ROTC Marches to Hunter
By Keith Mitchell, News Editor

A new federal act could enable the Reserve Officer Training Corps (ROTC) to enter the Hunter College community.  This past spring the 104th Congress passed the Omnibus Appropriations Act of 1997. Besides continuing the further deregulation of the telecommunication industry, the act also denies funds to colleges and universities which “prevent federal military recruitment on campus.” This includes grants from the Department of Labor, Health and Human Services and Education especially used for financial aid.

The act also requires that schools provide personal information about students including name, address, telephone number, age, level of education and major.

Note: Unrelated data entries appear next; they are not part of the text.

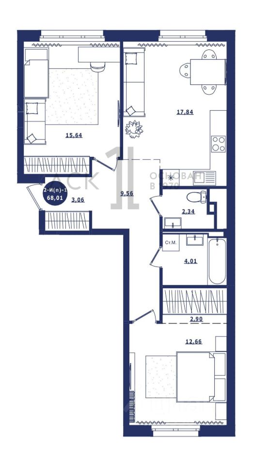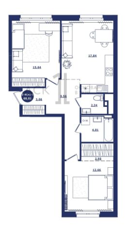 Продаётся 2-комнатная квартира в сданном доме (Дом 3 корпус 1,2), срок сдачи: IV-кв. 2023, общей площадью 68.01 кв.м., на 2 этаже. Новый жилой комплекс "Крылов" от застройщика "ДСК-1" расположен по адресу: г. Сургут, улица Крылова.
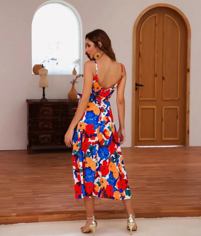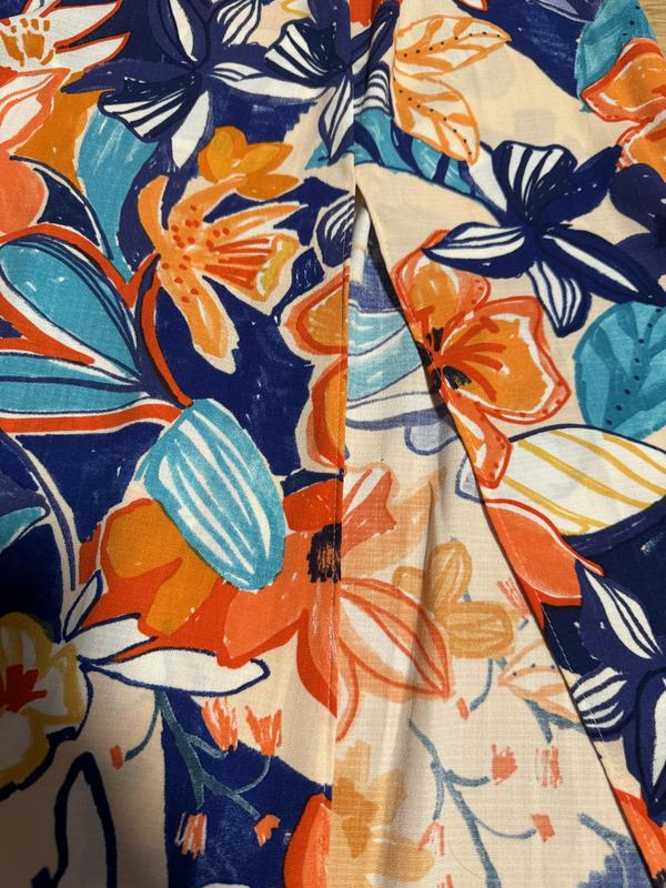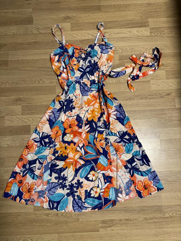 Красивый сарафан в цветочный принт. Отлично смотрится как с футболкой, так и без нее. Спереди внизу два разреза. Размер указан 16.
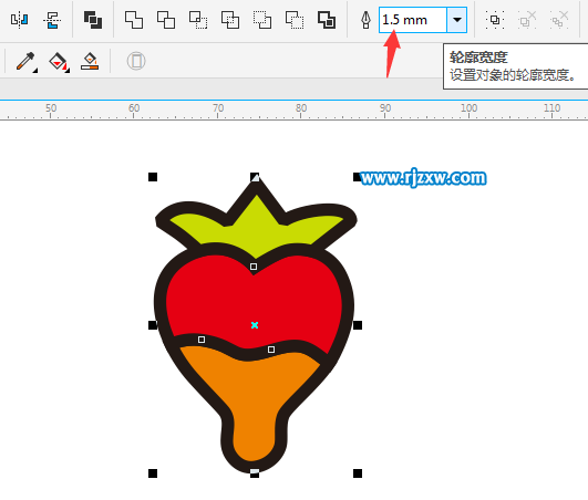第1步、打开CDRX8软件,点击钢笔工具,绘制草莓的外形出来。
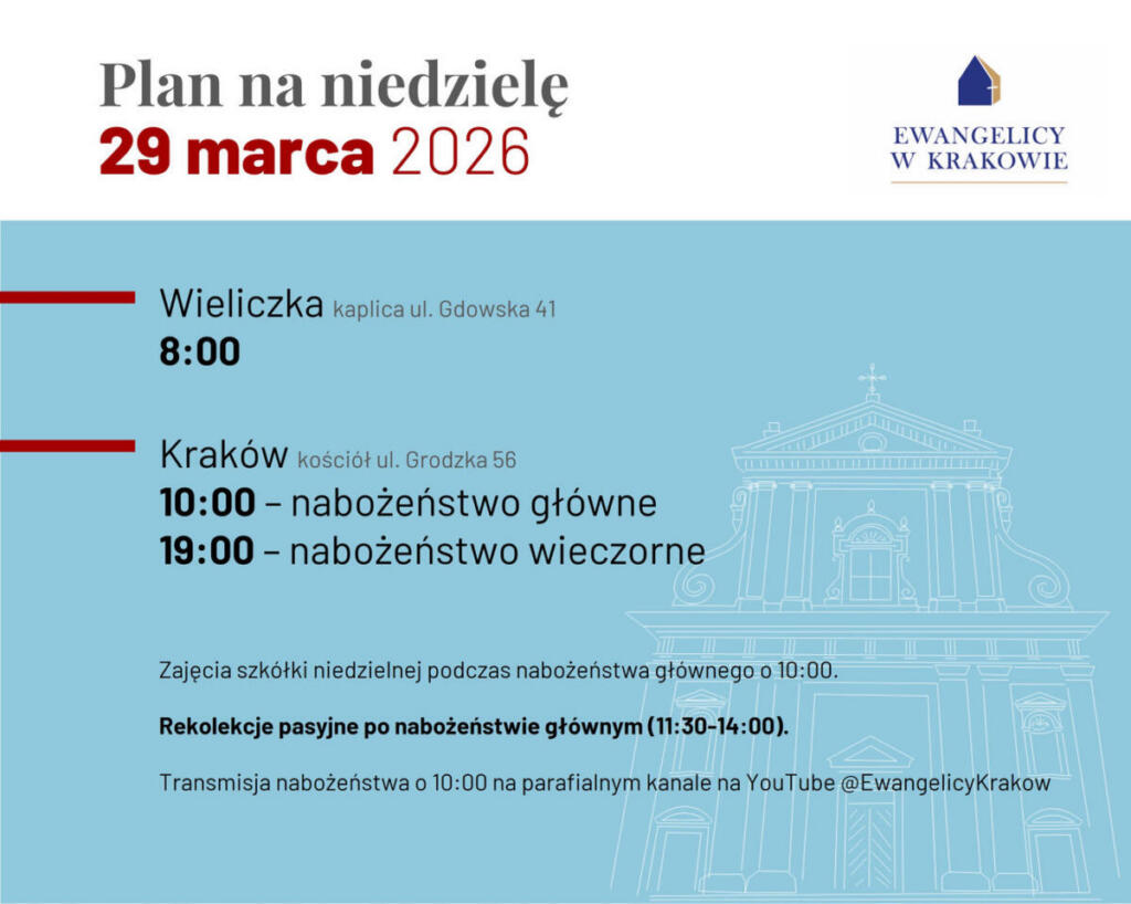 > Transmisja nabożeństwa głównego na parafialnym kanale na YouTube @EwangelicyKrakow: https://www.youtube.com/watch?v=XUpjc0jIEbs.
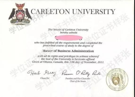 学位:加拿大卡尔顿大学颁发工商管理硕士学位(MBA)证书
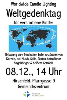 Am 08.12.2024, 14 Uhr in das Gemeindezentrum Hirschfeld, Pfarrgasse 9 sind Sie, liebe Angehörige, herzlich eingeladen zum individuellen und gemeinschaftlichen Innehalten beim Anzünden von Kerzen, bei Musik, Stille, Texten betroffener Eltern und der Möglichkeit des Gesprächs bei heißem Getränk.
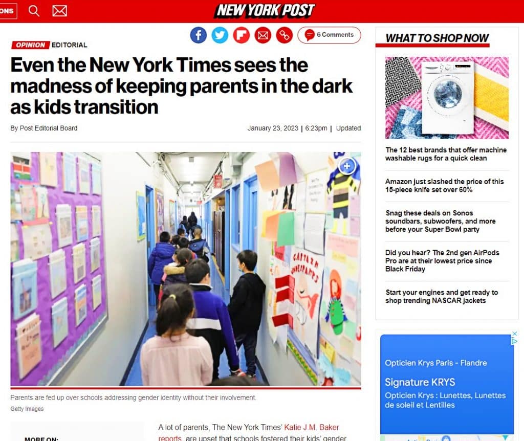 [2] Rédaction, « Even the New York Times sees the madness of keeping parents in the dark as kids transition », New York Post, 23 janvier 2023.
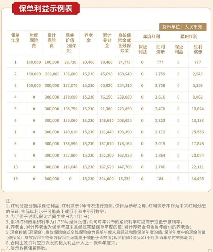 注:1.保險期間屆滿時不再給付養(yǎng)老金。2.在任何情況下,身故保險金和全殘保險金不可兼得,即若本公司給付任何一項保險金,另一項保險金不再給付。
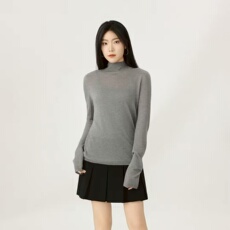 哥家商场同款2025秋冬半高领针织衫微透半高领打底衫女纯色538092
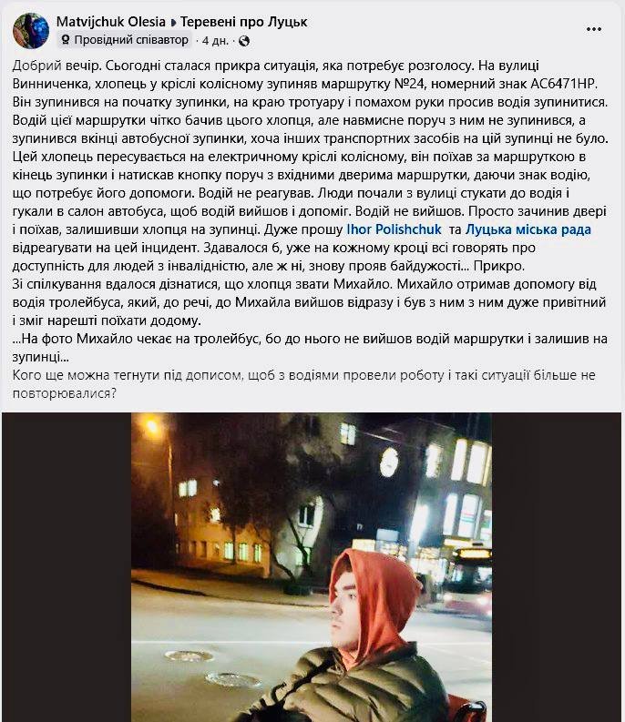 Поліцейські Луцького РУП притягнули до адмінвідповідальності водія «маршрутки», який проігнорував хлопця на кріслі колісному.
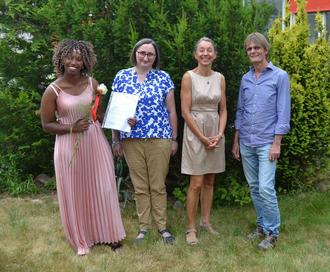 (Von links) Miseret Kebede gaben Caritas-Mitarbeiterin Steffi Nöthen, Dienststellenleiterin Margret Marxen-Ney und Stefan Kohlhage vom FAiR+ Projekt die besten Wünsche mit auf den Weg.
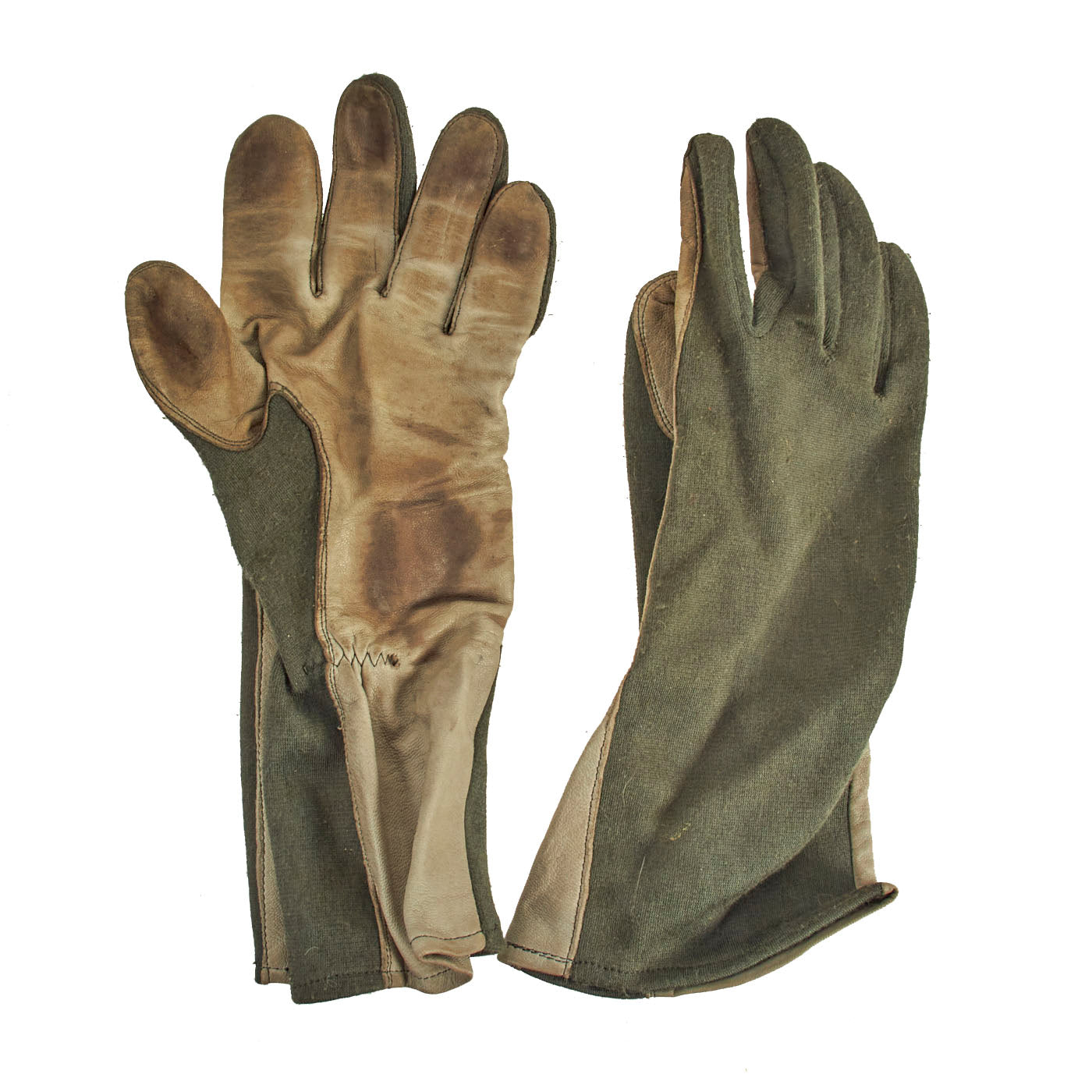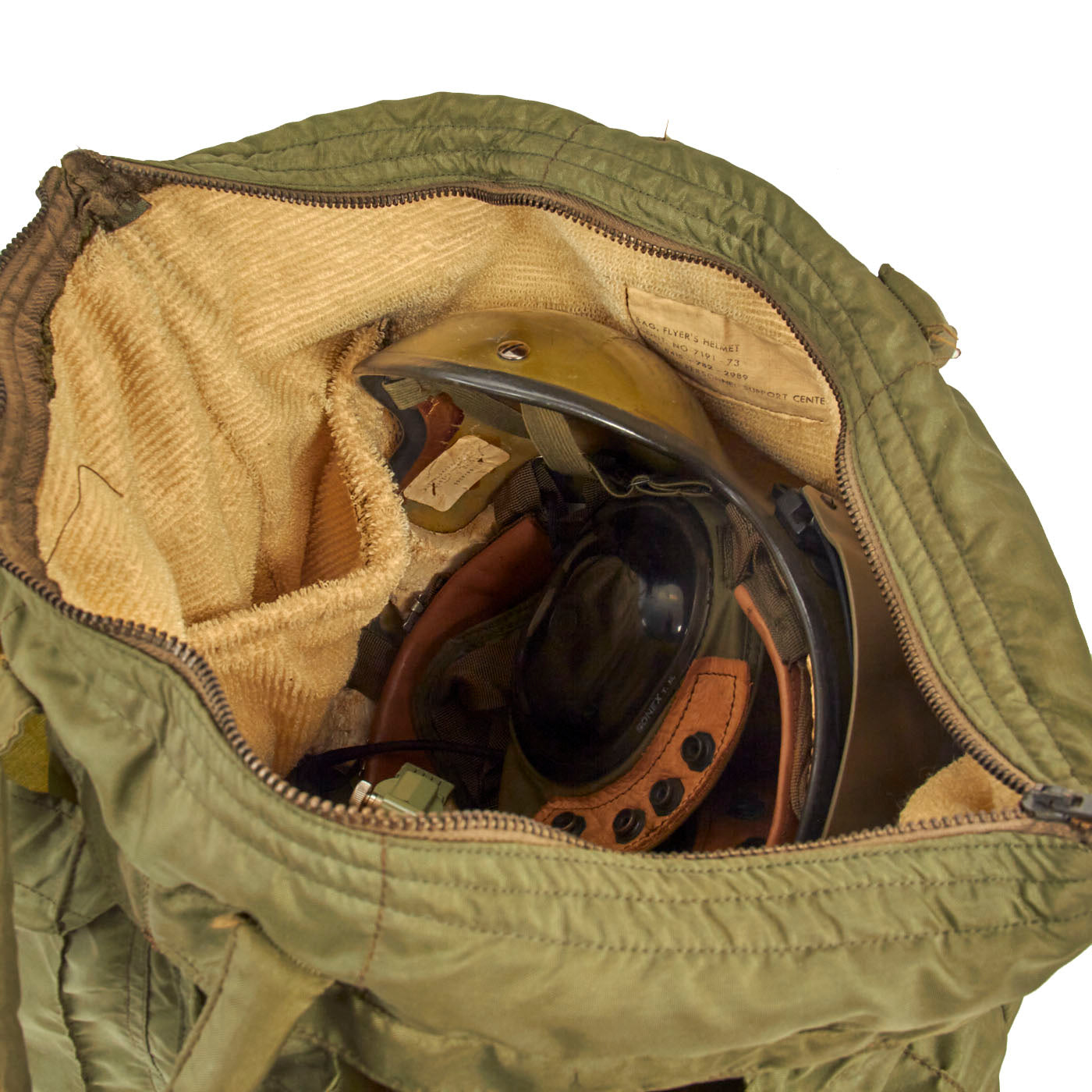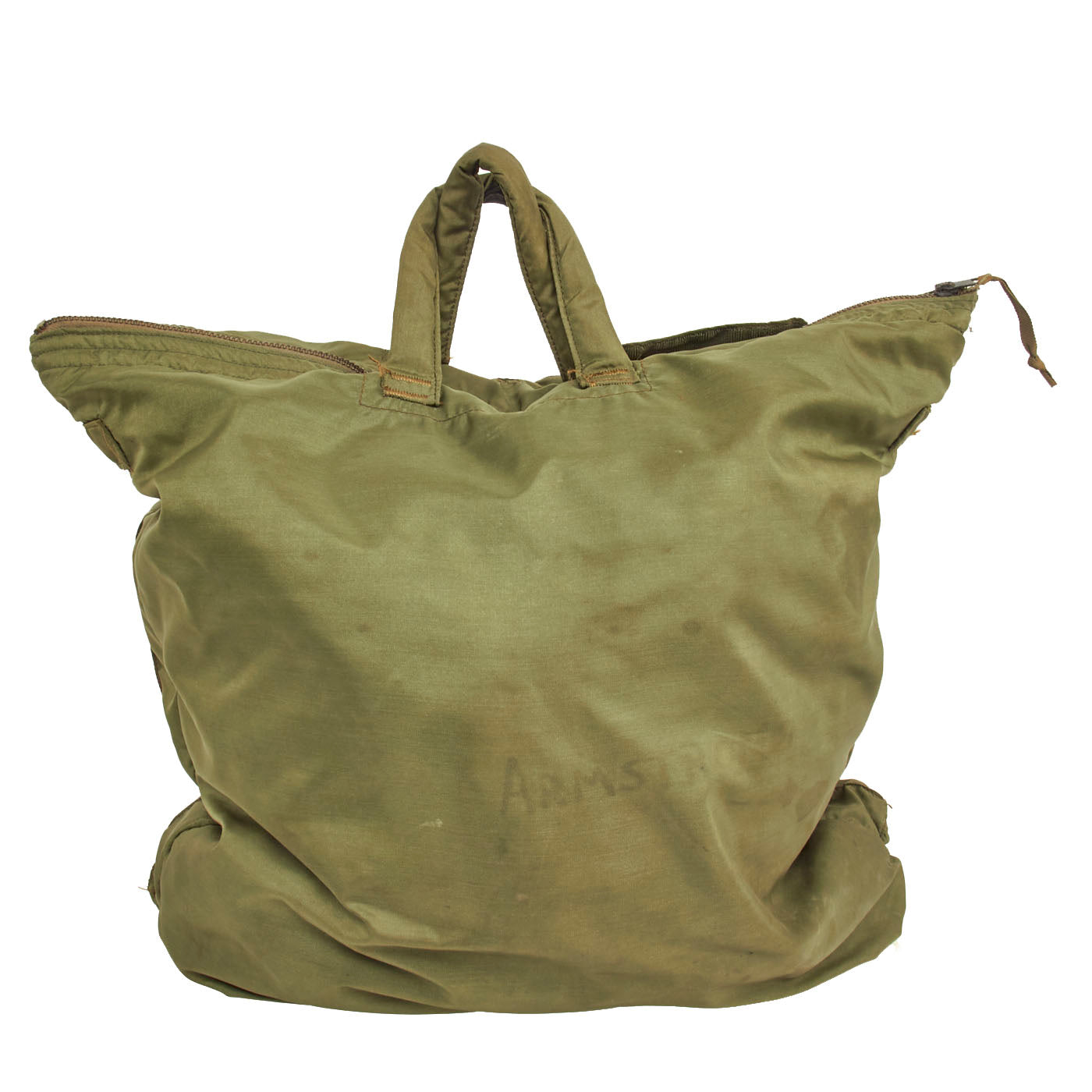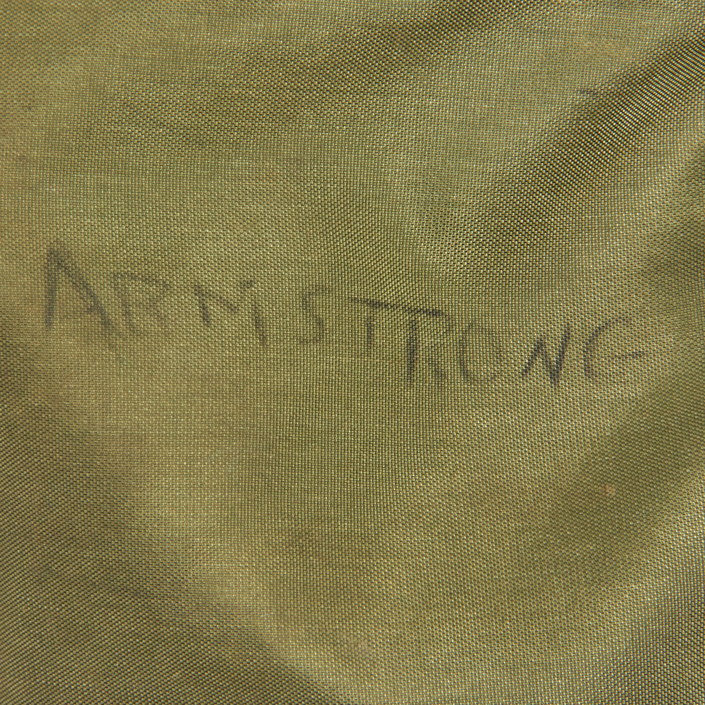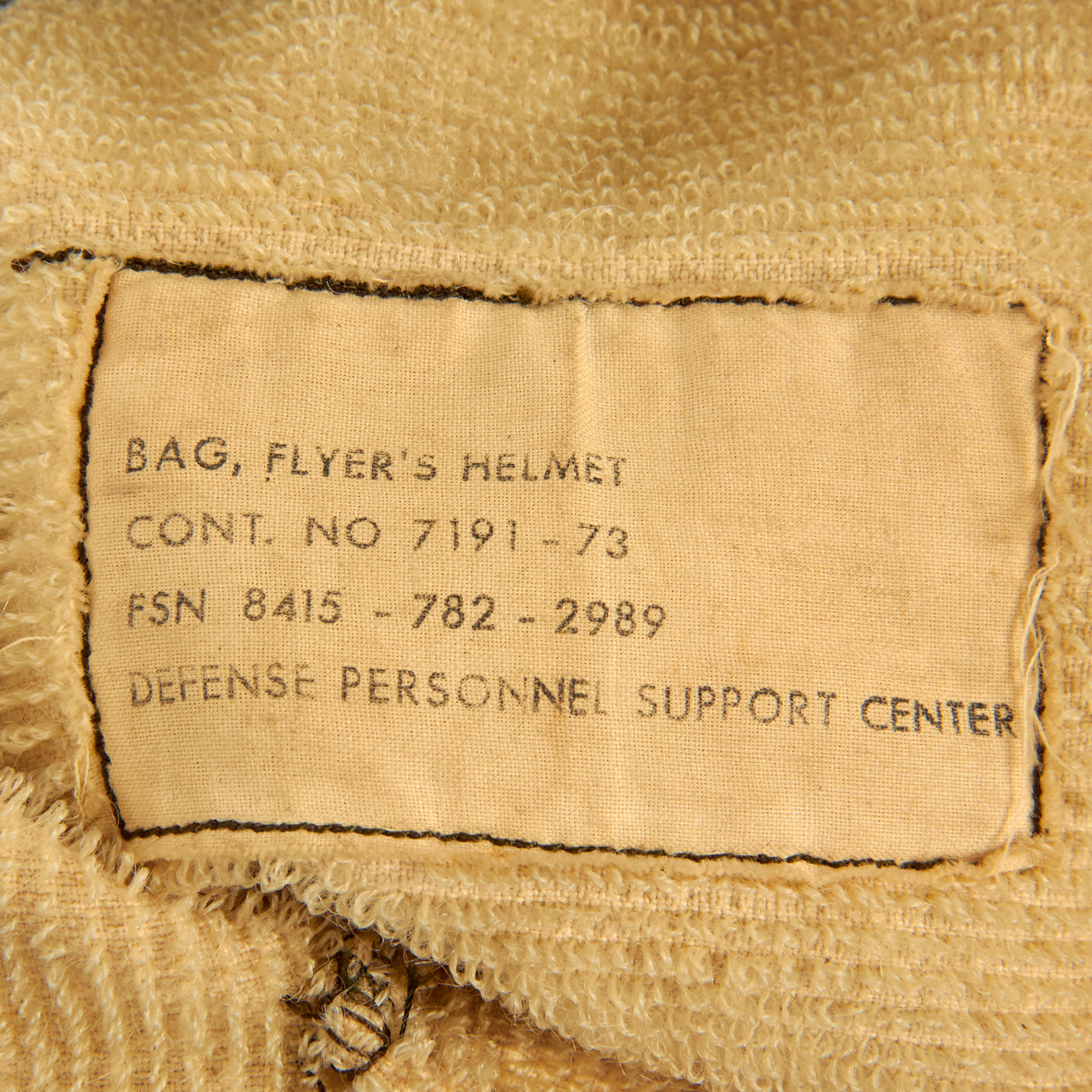 There are 2 pairs of summer flying gloves located in the bag, both sets with 1977 dates on the inside. The helmet bag is in lovely condition and retains the inside data label which has a 1973 date on it. The name ARMSTRONG can also be found in several spots on the outside, making this a lovely marching set!

The only institutions exempted from this act are colleges and universities that have “a long standing policy of pacifism based in historical religious affiliation” or are prohibited for any reason by state law or court order from allowing the ROTC  on campus.

According to a report written by a sub-committee of the Hunter College Senate to President David Caputo,  the committee “supported full compliance with the law.”  However the sub-committee did make several proposals to the President.  These include the autonomy of student publications on whether they accept advertising from the ROTC, that the ROTC  pay for using Hunter College facilities for meetings, that students sign a waiver before the school releases any personal information and a public notice as to whether or not the ROTC  signs a statement of non-discrimination. In the past, the ROTC was prevented from recruiting on campuses due to the military’s previous ban on gays and lesbians.

The development of the ROTC was based on the pulling of governmental purse strings. In 1862, the Land Grant Act gave tracts of public land to state colleges if they gave military training to male students. After World War I, the ROTC was able to expand to 2,000 high schools (in the form of the Junior ROTC) and universities. It was during the Vietnam War that the ROTC was forced off of some campuses, particularly those of the CUNY system.